29 de setembro de 2021 | 08h00
O recente surto de tensões entre o Kosovo e a Sérvia, o pior numa década, pode ser explicado pela questão sensível da minoria sérvia neste país de maioria albanesa, uma comunidade que se recusa a submeter-se às autoridades de Pristina.
A Sérvia nunca aceitou a independência declarada em 2008 pela sua antiga província do Kosovo, que é reconhecida pela maioria dos países ocidentais, e as relações continuam difíceis.
Eis alguns fatos sobre a última crise entre Belgrado e Pristina, cujas relações complicadas constituem um obstáculo importante à eventual integração europeia.
Eclodiram em 20 de setembro, quando Pristina enviou policiais especiais do Kosovo fortemente armados para o norte do país, uma região de maioria sérvia.
A polícia devia controlar a decisão de Pristina de proibir as placas automotivas sérvias no território.
Os motoristas sérvios que entram no Kosovo são agora obrigados a fixar placas kosovares temporárias. Os muitos sérvios no norte do Kosovo que conduzem com placas sérvias são obrigados a fazer o mesmo.
Pristina afirma que se trata de uma medida de “reciprocidade”, uma vez que os veículos com placas “República do Kosovo” — não reconhecidas por Belgrado — têm sido forçados durante anos a utilizar placas sérvias temporárias para entrar na Sérvia.

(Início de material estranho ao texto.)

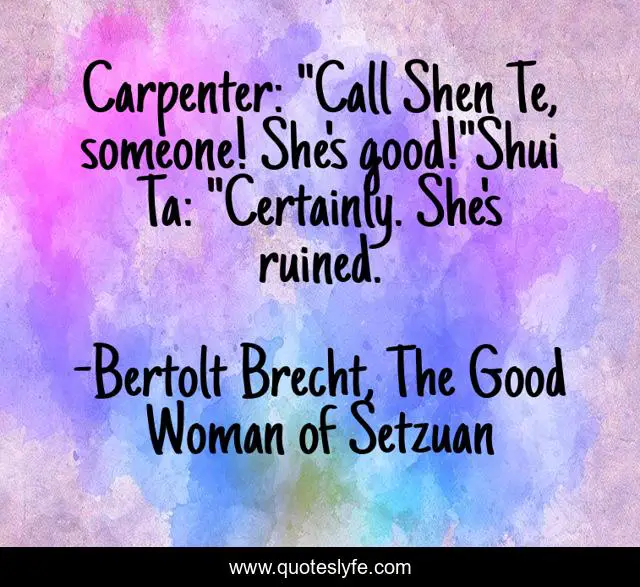 "Bertolt Brecht, The Good Woman of Setzuan Quotes." Quoteslyfe.com, 2025. Fri. 05 Dec. 2025. <https://www.quoteslyfe.com/quote/Carpenter-Call-Shen-Te-someone-She-s-226247>.
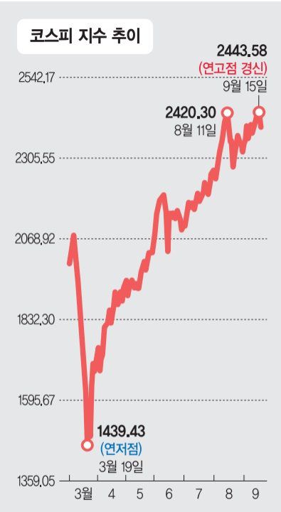 17일 금융투자업계에 따르면 코로나19 사태로 지난 3월 19일 코스피는 장중 1439.43의 연저점을 기록했다. 이후 변동장세 속에서도 반등하기 시작해 지난 8월 11일 장중 2400 선을 회복했다. 지난 15일에는 2443.58로 장을 마감하며 연고점을 경신했다.

Em resposta, centenas de sérvios, com o apoio de Belgrado, bloquearam as estradas que conduzem aos dois postos fronteiriços do norte do Kosovo, Jarinje e Brnjak, impedindo o tráfego.
Ironicamente, a população sérvia local é a mais afetada, uma vez que depende fortemente das ligações com a Sérvia e muitos sérvios do norte trabalham, estudam ou procuram tratamento médico na Sérvia.
Belgrado elevou o nível de alerta do seu exército na zona fronteiriça, colocou veículos blindados a dois quilômetros de distância e seus caças voaram sobre a área pela primeira vez desde a guerra mortal entre as forças sérvias e os combatentes da independência albanesa (1998-99).
A KFOR, força da Otan responsável pela segurança do Kosovo desde o fim do conflito, que deixou 13.000 pessoas mortas, na sua grande maioria albaneses, reforçou as suas patrulhas.
Estes são os incidentes mais graves desde 2011, quando o Kosovo colocou a polícia nos postos fronteiriços e os sérvios reagiram bloqueando as estradas.
A situação acalmou após a mediação da KFOR.
Dos 1,8 milhões de habitantes do Kosovo, cerca de 120.000 são sérvios, na sua maioria leais à Sérvia como “pátria” e ao presidente sérvio, Aleksandar Vucic.
Estes laços são especialmente fortes entre os 40.000 sérvios do norte, devido à sua proximidade geográfica com Belgrado, que os financia ao mesmo tempo em que os encoraja a rejeitar a autoridade de Pristina.
Na parte sérvia da grande cidade dividida do norte de Mitrovica, todos os vestígios do Kosovo desapareceram.
As bandeiras sérvias estão por toda a parte, o dinar sérvio (moeda local) domina e os habitantes não pagam impostos nem eletricidade porque as instituições kosovares as abandonaram.
Os outros 80.000 membros da minoria sérvia, espalhados em enclaves por todo o Kosovo, são mais pragmáticos e cooperativos com os albaneses.
O Kosovo quer que a sua soberania seja reconhecida não só na cena internacional, onde os vetos chineses e russos o impedem de ser membro da ONU, mas também em todo o seu território.
O primeiro-ministro de esquerda Albin Kurti acusa Belgrado de querer “provocar um conflito".
Aleksandar Vucic disse que só daria 24 horas à Otan para reagir se os sérvios do Kosovo fossem ameaçados.
Belgrado exige a implementação de um acordo assinado em 2013 sobre a criação de uma associação de municípios onde vive a minoria sérvia, mas que ainda não foi implementado.
Segundo os analistas, este não é um bom momento para um compromisso, uma vez que tanto o Kosovo como a Sérvia enfrentam eleições locais em outubro, e as nacionais na Sérvia no próximo ano.
"Estamos diante de um programa de propaganda política que terminará dentro de poucos dias", diz o analista militar sérvio Aleksandar Radic ao canal N1.
Mas a situação permanece volátil porque um incidente no terreno pode degenerar.
Com o apoio dos EUA, a UE, que há dez anos lidera um diálogo estagnado, exige uma “desescalada” e tenta convencer as duas partes, cujos negociadores estarão em Bruxelas na quarta-feira, a negociar.